Context : I'm attempting to write a git alias to "flatten" all .gitignore patterns recursively and output a list of paths as they're seen from the top level .

What I mean with an example:

├─ .git
├─ .gitignore
└─ dir1
    ├─ .gitignore
    ├─ file1.txt
    └─ file2.txt

With these contents in .gitignore files:

# (currently pointing at top-level directory)
$ cat .gitignore
some_path

$ cat dir1/.gitignore
yet_another_path
*.txt

I try to have an alias to output something along the lines of

$ git flattened-ignore-list
some_path
dir1/yet_another_path
dir1/*.txt

What do I have so far?

I know I can search for all .gitignore files in the repo with

find . -name ".gitignore"

which in this case would output

.gitignore
dir1/.gitignore

So I've tried to combine this with cat to get their contents (either of these work)

find . -name ".gitignore" | xargs cat
# or
cat $(find . -name ".gitignore")

with this result:

some_path
yet_another_path
*.txt

which is technically expected but unfortunately unhelpful for what I am trying to achieve. So to (at last!) arrive at my actual question:

How can I, for each result of find , refer to the current path? (in order to eventually prepend it to the line)

Note for people suspecting an XY problem : It might be the case, my approach might just be naive here, but maybe not, I'm unsure. For example I didn't consider complex cases where nested .gitignore files could refer to upper-levels, or special syntax with ** . I've stuck to very simple structures for now, so in case you see a flaw and/or can suggest a totally different way to achieve the same goal, I'll of course be happy to hear about it also.

Answer 1

I try to have an alias to output something along the lines of
 $ git flattened-ignore-list some_path dir1/yet_another_path dir1/*.txt 

Unfortunately, this approach is naive (and perhaps doomed, but maybe not) because entries in .gitignore files are a bit complicated.

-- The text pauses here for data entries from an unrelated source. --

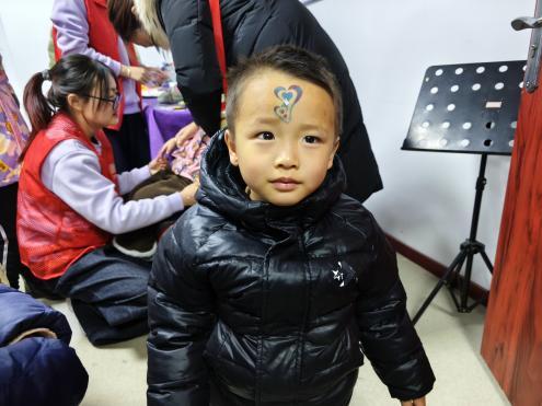 活动现场,彩绘老师用手中的彩绘颜料在孩子们的小脸上绘就各种精美的图案,可爱的卡通形象、寓意吉祥的图腾、象征幸福的花朵……孩子们围坐在老师身边,眼睛里闪烁着兴奋与期待的光芒。家长们也在一旁看得津津有味,不时拿出手机记录下这温馨美好的瞬间。随着活动的深入,越来越多的孩子加入到彩绘的行列中,整个活动室变成了一片色彩斑斓的欢乐海洋。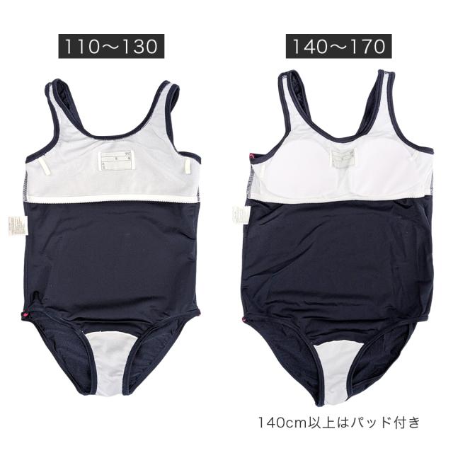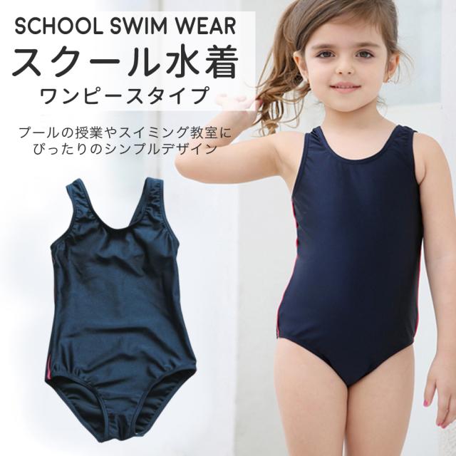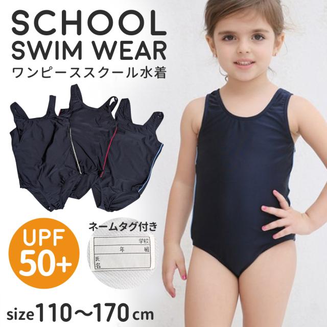 スクール水着 女の子 ワンピースタイプ ネームタグ付 UVカット [UPF50+紫外線対策加工] シンプル 無地 ライン キッズ ガール 女子 スイムウェア 110 120 130 140 150 160 170 幼稚園 小学生 中学生 スイミング スクール 水着 日焼け止め プール 学校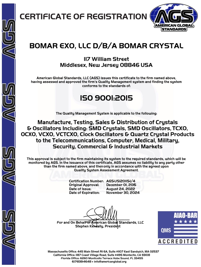 Bomar Crystal已升級至 ISO 9001:2015認證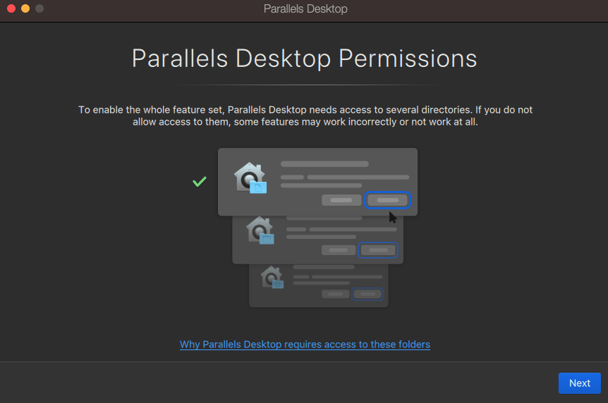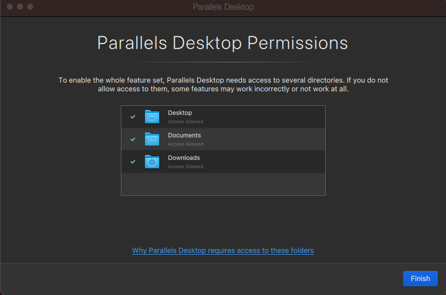3. Parallels will seek Desktop Permissions. Several prompts will appear seeking permission to access the systems directory. These prompts are safe to allow. Click Finish after allowing the prompts.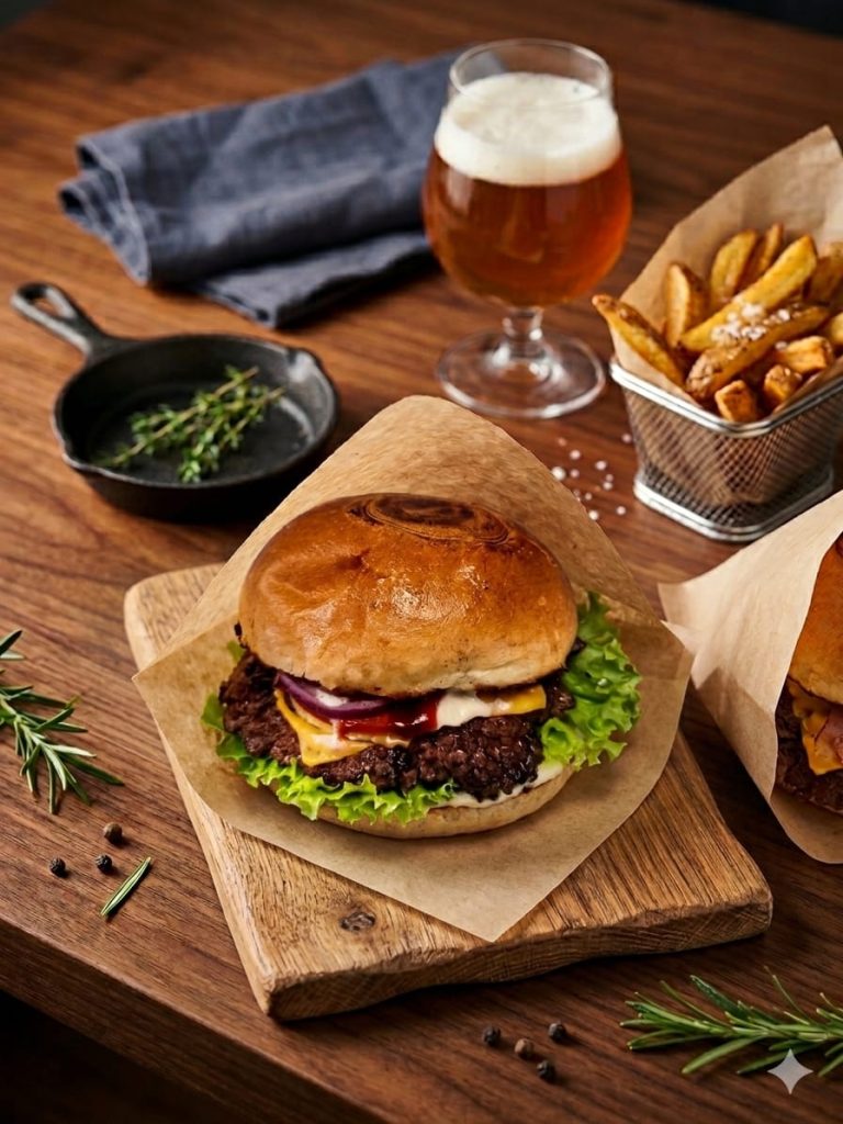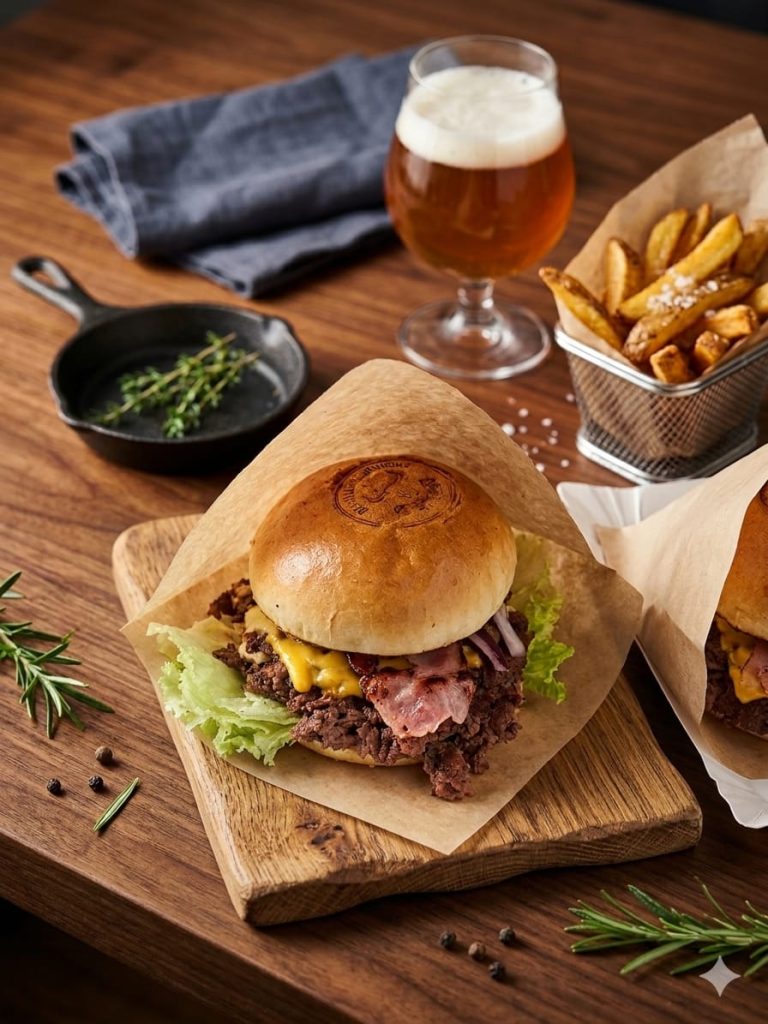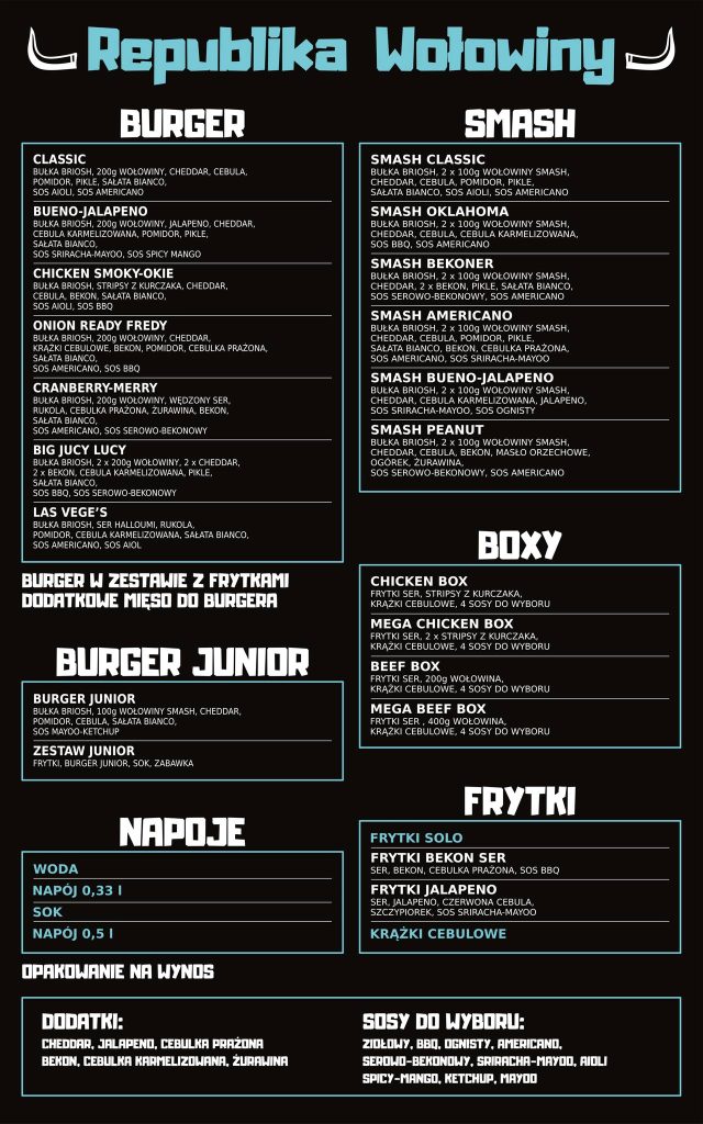 Republika Wołowiny to miejsce stworzone dla prawdziwych fanów solidnych, soczystych burgerów. W menu znajdziesz zarówno klasyczne kompozycje z wysokiej jakości wołowiną, jak i smash burgery z intensywnym smakiem oraz autorskimi sosami. Oprócz tego oferujemy boxy z mięsem i dodatkami, chrupiące frytki oraz opcje dla miłośników kurczaka i wegetariańskich smaków. Stawiamy na świeże składniki, wyraziste połączenia i konkretną porcję, która naprawdę robi robotę.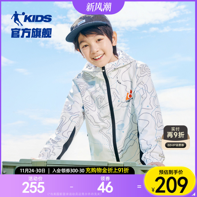 乔丹童装男童外套薄绒儿童外衣2025春季新款中大童防泼水户外风衣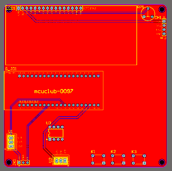 PCB图是由原理图导出,封装很大一部分都是作者自己绘制,不提供封装库,只提供连接好的源文件,可以直接在嘉立创进行打板。两层板,上下覆铜接地。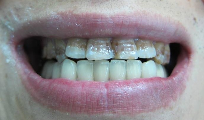 Teeth can be discoloured because of excessive consumption of coloured foods (liquorice) and beverages (coffee, tea, coke, red wine), poor oral hygiene, cigarette smoking.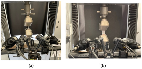 A uniaxial tensile test, plane strain test, and disk compression test were performed using a Shimadzu AG-X universal tensile test machine (Japan) with a load capacity of 100 kN. The geometry of the samples is presented in Figure 4. The samples were cut from the rolled sheet by a cutting press machine and machined by CNC. For the tensile test, the samples tested in one direction were cut from the same sheet. In the case of the plane strain test, only one sample per rolled sheet was obtained. The disk compression samples were cut from the remaining material of these sheets by electroerosion. A schematic representation of the relative position of the tensile test specimen on the rolled sheet is presented in Figure 4c. The strain was measured by an image correlation system and Aramis 5 M software (GOM, Germany). The testing setup is shown in Figure 5. For the determination of the experimental points included in forming limit diagram (FLC) the regulation given in ISO 12004-2:2008 was used.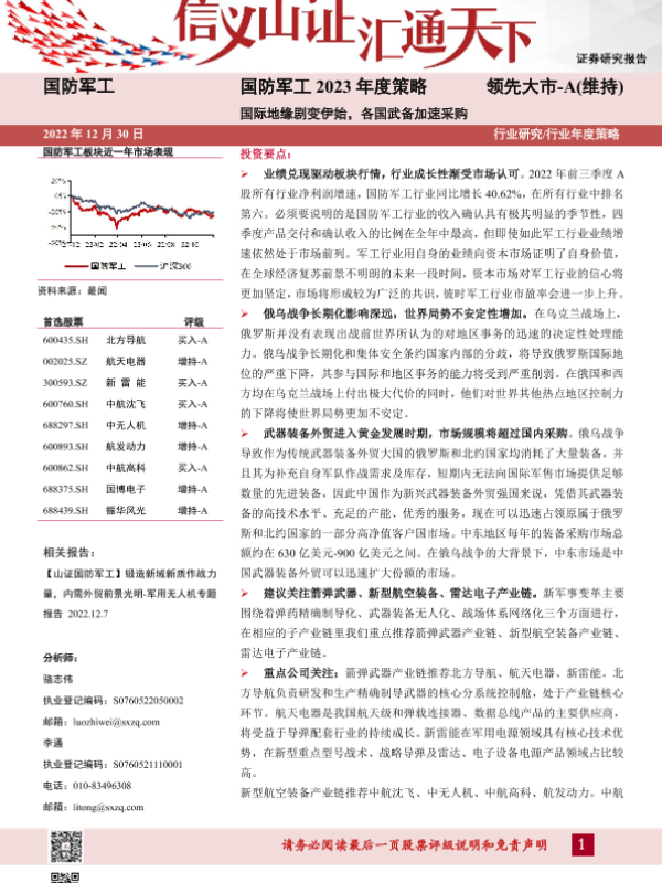国防军工 国际地缘政治 武器装备采购 股票评级 行业分析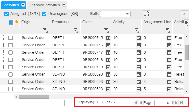 - Ahora, la planificación basada en el empleado también muestra las órdenes de trabajo junto con las asignaciones de orden de servicio. Todas las características de la consola, como asignar, desasignar, definir colores, realizar la planificación de múltiples actividades u operaciones de drillback, se pueden llevar a cabo en las órdenes de trabajo. La planificación de múltiples actividades también se puede realizar seleccionando las órdenes de servicio y las órdenes de trabajo.

The simple answer to the simple question you asked is to use something that prepends the directory name, relative to the top level. Since find never outputs unnecessarily-complicated names, you can do this with direct string processing:

 .gitignore dir1/.gitignore

tells you that when reading the first file, prepend nothing, and when reading the second, prepend dir1 to each entry. Doing this in shell is a little tricky, but bash has the tools needed: you just get the line minus the /.gitignore at the end, either using regexp replacement or just removing 11 characters (if I counted right) from anything that has a slash in it or isn't the literal 10-character string .gitignore . Grab the directory off the part before the /.gitignore name and use sed or awk to insert it, and a slash, in front of non-comment entries (and remember to handle ! entries a little differently).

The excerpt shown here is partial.